About this exercise:
Set down, exactly as written, the lines from the top of the data to the line that holds "Buccin commun 55", and omit the pictures.

Data items:
★ ★ ★ ★ ★ ★ ★

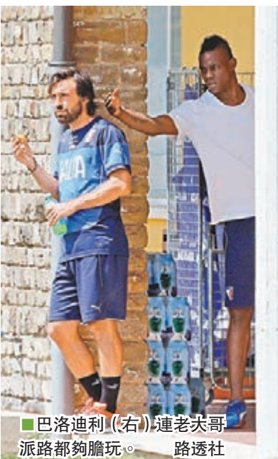
■巴洛迪利(右)連老夫哥派路都夠膽玩。
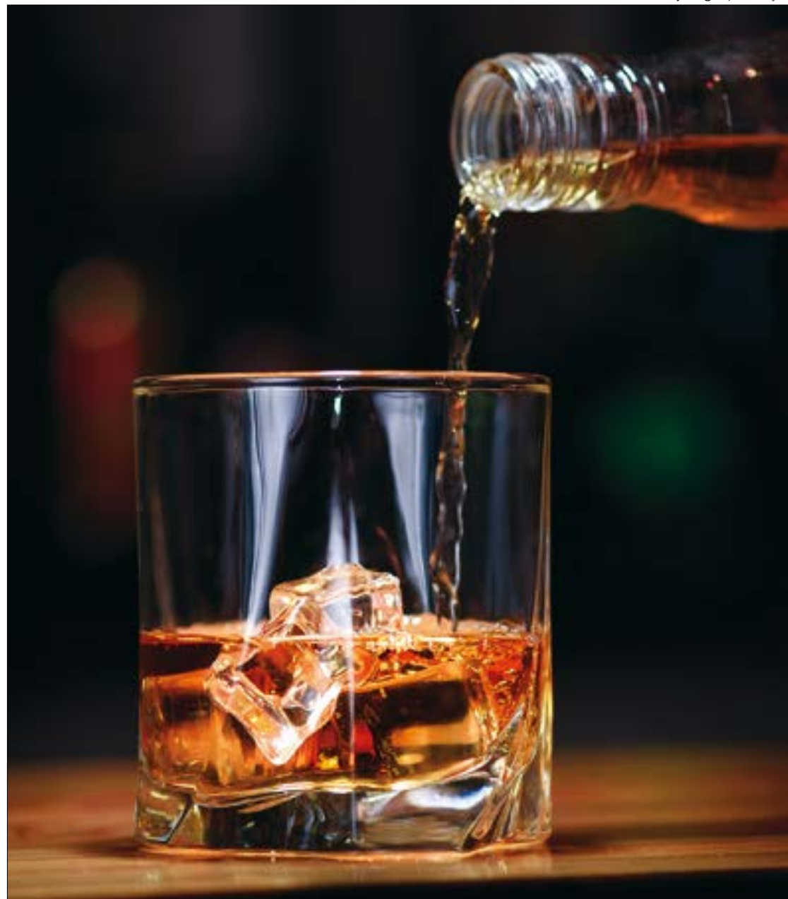
A mudança de consumo foi maior entre os homens: 12% responderam estar bebendo mais. Entre as mulheres, o consumo aumentou em 9%

- Apesar de prova em contrário, você continua afirmando que bebe
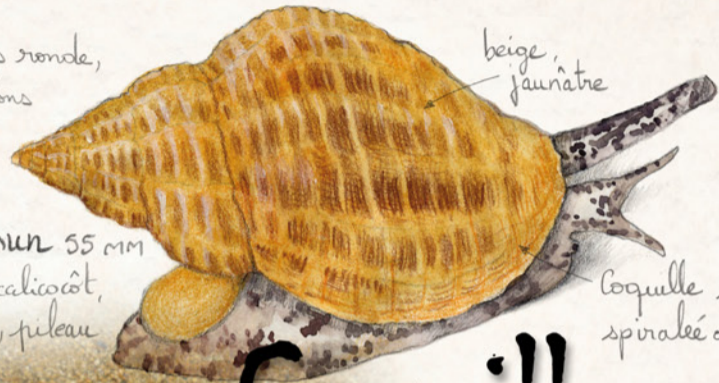
Buccin commun 55 mm Bulot, bavoux, calicot, coucou, ran, pileau
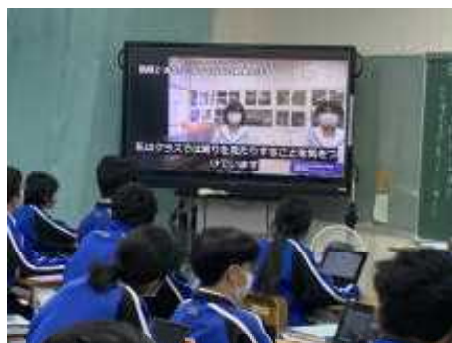
意見交換会(録画放送)
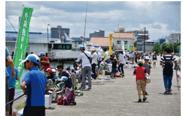
〈びわこルールキッズ釣り大会の様子〉
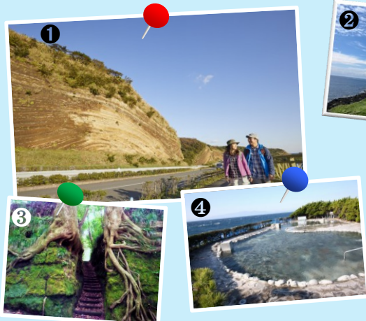
①地層大切断面 ②サンセットパームライン ③泉津の切通し ④浜の湯
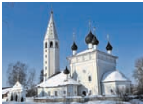
Оксана ЗУЙКО/«КП» - Москва
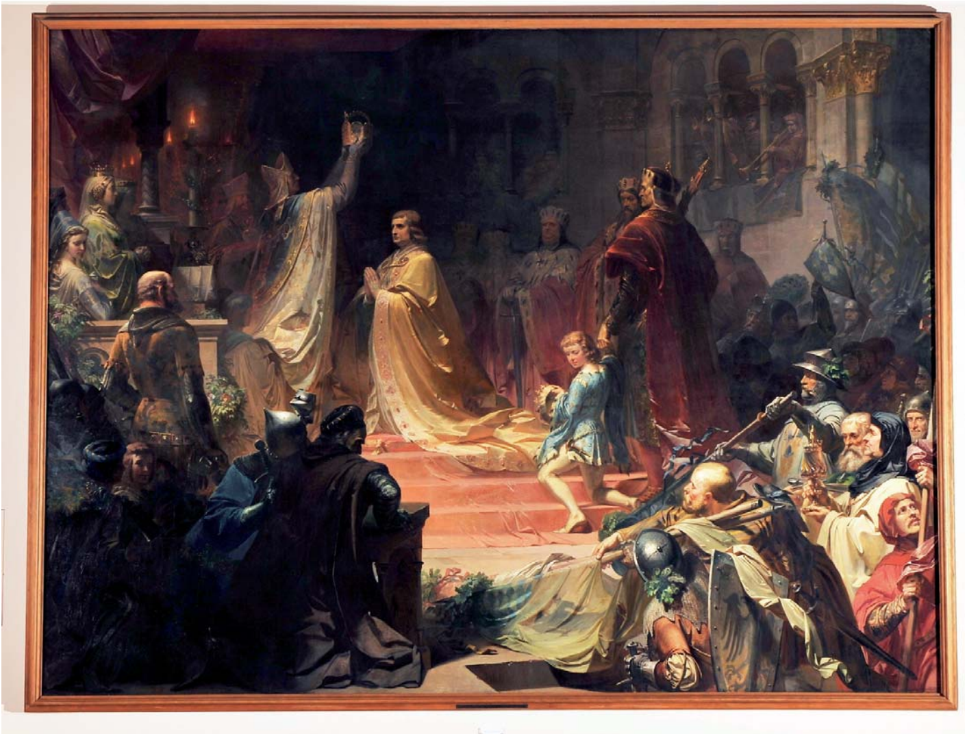
Die Kaiserkrönung Ludwigs IV. des Bayern 1328, August von Kreling (1818-1876), 1859, Öl auf Leinwand, 5,16 m x 3,78 m, Steinerne Saal, Maximilianeum, München, Leihgabe der Stiftung Maximilianeum, München, Inv.-Nr. 22

wie die konkurrierenden Dynastien der Häuser Habsburg und Luxemburg, den in Avignon residierenden Papst oder die geistlichen Kurfürsten zu behaupten, setzte Ludwig oft auf bisher nicht oder nicht in diesem Umfang genutzte Mittel. So förderte er das sich in dieser Zeit herausbildende Kaufherrenpatriziat und privilegierte Handel und Handelswege, um verstärkt Geldmittel für seine Politik zu erhalten. Er nutzte die Gegnerschaft der radikalen Minoriten gegen den Papst, um in seinem Konflikt mit Avignon auch theologisch und juristisch gewappnet zu sein. Das Doppelkönigtum mit Friedrich dem Schönen, die zunächst papstlose Kaiserkrönung in bewusster Anknüpfung an den Glanz des antiken Rom und die Umsetzung einer säkularen Kaiseridee waren radikal neue Legitimationsstrategien, die neue Wege für das spätmittelalterliche Königtum im Reich wiesen. Neu war auch das Miteinander der vielen Machtzentren – statt auf Befehl und Gehorsam gegenüber einem starken König (so in Frankreich) setzte Ludwig auf Konsens und gemeinsame Herrschaft vieler Ebenen, vom Kaiser über die
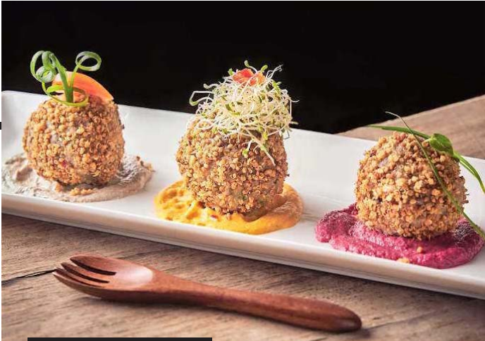
ALBÓNDIGAS DE PAPAS CHUÑO
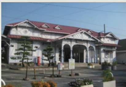
浜寺公園駅（堺市）駅舎：明治／1907 木造平屋建、鉄板葺、建築面積 249 m 2 、1 棟、 1998 年 9 月指定
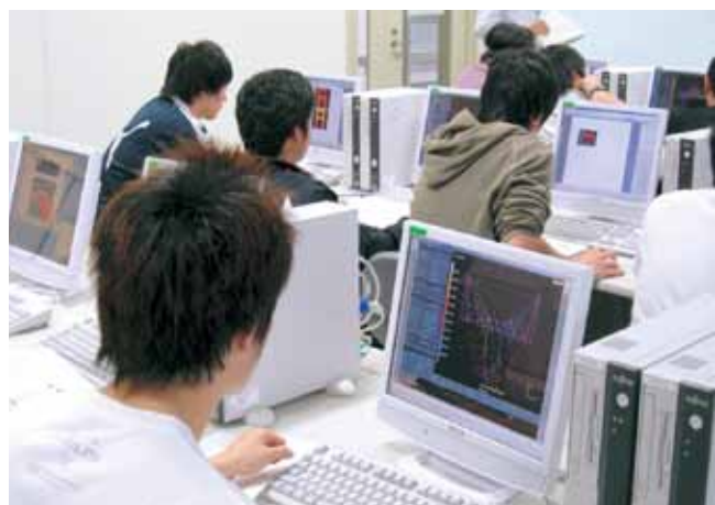
構造解析演習 Structural Analysis Training
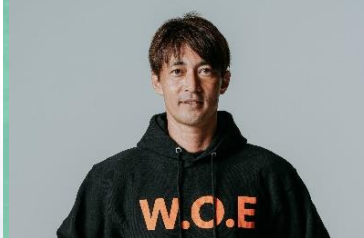
松森 亮 〔元サッカーU-20日本代表〕

★ ★ ★ ★ ★ ★ ★

Task answer:
■巴洛迪利(右)連老夫哥派路都夠膽玩。
A mudança de consumo foi maior entre os homens: 12% responderam estar bebendo mais. Entre as mulheres, o consumo aumentou em 9%

- Apesar de prova em contrário, você continua afirmando que bebe
Buccin commun 55 mm Bulot, bavoux, calicot, coucou, ran, pileau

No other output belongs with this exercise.